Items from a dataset
•••••

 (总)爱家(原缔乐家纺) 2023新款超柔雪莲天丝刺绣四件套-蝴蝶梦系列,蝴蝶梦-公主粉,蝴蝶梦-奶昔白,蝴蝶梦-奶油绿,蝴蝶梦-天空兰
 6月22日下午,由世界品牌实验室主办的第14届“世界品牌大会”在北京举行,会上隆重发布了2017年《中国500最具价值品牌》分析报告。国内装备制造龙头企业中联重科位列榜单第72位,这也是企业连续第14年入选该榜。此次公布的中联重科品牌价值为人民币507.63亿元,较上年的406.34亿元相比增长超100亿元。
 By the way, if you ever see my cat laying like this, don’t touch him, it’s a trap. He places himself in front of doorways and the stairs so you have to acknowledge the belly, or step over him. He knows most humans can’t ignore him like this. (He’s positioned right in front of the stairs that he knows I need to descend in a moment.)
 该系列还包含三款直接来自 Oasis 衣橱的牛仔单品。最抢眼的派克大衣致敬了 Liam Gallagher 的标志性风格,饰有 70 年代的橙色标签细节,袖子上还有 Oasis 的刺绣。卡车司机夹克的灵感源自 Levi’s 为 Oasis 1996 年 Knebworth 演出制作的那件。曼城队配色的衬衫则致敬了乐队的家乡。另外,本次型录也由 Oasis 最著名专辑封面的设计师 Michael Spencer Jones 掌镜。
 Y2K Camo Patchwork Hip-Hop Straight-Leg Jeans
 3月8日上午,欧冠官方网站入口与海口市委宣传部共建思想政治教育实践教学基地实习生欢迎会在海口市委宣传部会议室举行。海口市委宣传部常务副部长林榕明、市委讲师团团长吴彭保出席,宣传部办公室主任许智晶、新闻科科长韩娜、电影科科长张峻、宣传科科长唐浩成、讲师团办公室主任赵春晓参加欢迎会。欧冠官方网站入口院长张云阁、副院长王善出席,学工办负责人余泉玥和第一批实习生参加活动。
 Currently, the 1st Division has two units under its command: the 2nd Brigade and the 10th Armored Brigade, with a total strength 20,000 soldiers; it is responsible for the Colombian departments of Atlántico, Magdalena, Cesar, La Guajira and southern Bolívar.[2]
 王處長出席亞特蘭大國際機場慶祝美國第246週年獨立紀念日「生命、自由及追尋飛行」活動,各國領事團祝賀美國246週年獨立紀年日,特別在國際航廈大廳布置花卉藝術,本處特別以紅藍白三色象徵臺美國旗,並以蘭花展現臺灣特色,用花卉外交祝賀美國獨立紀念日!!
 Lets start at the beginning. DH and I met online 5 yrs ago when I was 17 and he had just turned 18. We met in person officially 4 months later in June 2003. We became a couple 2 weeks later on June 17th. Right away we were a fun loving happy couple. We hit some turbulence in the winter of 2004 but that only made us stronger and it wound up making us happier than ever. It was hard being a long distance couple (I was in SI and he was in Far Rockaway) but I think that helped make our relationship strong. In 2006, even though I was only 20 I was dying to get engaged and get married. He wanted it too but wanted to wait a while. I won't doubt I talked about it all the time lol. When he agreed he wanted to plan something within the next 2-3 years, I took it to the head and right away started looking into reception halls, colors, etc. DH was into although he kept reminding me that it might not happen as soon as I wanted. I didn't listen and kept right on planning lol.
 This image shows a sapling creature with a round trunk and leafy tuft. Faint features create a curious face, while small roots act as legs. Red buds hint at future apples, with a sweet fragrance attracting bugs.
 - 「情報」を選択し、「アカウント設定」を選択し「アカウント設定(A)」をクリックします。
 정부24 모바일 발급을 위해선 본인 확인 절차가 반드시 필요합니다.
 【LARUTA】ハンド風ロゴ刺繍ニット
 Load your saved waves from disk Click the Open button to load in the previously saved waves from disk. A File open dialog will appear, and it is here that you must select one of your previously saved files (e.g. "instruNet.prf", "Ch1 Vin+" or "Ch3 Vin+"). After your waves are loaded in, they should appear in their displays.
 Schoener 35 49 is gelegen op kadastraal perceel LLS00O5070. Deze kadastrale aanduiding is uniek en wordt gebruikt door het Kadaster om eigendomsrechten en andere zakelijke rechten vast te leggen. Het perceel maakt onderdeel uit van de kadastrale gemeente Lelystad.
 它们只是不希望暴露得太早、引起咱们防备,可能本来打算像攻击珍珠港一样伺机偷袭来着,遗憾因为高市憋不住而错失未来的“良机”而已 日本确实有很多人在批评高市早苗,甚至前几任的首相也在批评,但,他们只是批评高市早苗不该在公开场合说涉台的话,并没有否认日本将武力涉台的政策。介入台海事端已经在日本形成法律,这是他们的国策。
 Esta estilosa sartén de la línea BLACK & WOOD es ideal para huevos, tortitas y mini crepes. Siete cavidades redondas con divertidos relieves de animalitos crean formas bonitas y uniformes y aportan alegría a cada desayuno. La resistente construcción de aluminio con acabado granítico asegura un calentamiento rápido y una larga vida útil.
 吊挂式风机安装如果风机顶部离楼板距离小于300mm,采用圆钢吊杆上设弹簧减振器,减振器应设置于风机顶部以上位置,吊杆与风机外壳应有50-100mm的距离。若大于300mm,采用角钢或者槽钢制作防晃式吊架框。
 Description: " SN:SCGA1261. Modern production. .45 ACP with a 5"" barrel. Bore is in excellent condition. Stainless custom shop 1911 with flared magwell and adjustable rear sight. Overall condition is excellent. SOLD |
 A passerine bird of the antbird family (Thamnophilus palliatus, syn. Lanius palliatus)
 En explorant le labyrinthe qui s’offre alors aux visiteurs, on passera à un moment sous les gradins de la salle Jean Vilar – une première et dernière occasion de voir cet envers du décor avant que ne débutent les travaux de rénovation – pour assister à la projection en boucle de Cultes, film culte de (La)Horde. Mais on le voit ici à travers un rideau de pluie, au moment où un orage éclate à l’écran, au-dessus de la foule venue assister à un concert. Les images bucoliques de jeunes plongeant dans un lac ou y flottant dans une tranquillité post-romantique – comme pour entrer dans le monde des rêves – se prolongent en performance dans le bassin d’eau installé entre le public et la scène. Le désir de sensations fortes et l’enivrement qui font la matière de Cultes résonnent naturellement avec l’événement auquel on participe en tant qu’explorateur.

•••••

- **WHAT THE TASK REQUIRES**: Only the lines above starting at the one containing "정부24 모바일 발급을 위해선 본인 확인 절차가 반드시 필요합니다." and ending at the one containing "它们只是不希望暴露得太早、引", both included, are to be returned, exactly as they read.

- **RESPONSE FOR THIS EXERCISE**:
 정부24 모바일 발급을 위해선 본인 확인 절차가 반드시 필요합니다.
 【LARUTA】ハンド風ロゴ刺繍ニット
 Load your saved waves from disk Click the Open button to load in the previously saved waves from disk. A File open dialog will appear, and it is here that you must select one of your previously saved files (e.g. "instruNet.prf", "Ch1 Vin+" or "Ch3 Vin+"). After your waves are loaded in, they should appear in their displays.
 Schoener 35 49 is gelegen op kadastraal perceel LLS00O5070. Deze kadastrale aanduiding is uniek en wordt gebruikt door het Kadaster om eigendomsrechten en andere zakelijke rechten vast te leggen. Het perceel maakt onderdeel uit van de kadastrale gemeente Lelystad.
 它们只是不希望暴露得太早、引起咱们防备,可能本来打算像攻击珍珠港一样伺机偷袭来着,遗憾因为高市憋不住而错失未来的“良机”而已 日本确实有很多人在批评高市早苗,甚至前几任的首相也在批评,但,他们只是批评高市早苗不该在公开场合说涉台的话,并没有否认日本将武力涉台的政策。介入台海事端已经在日本形成法律,这是他们的国策。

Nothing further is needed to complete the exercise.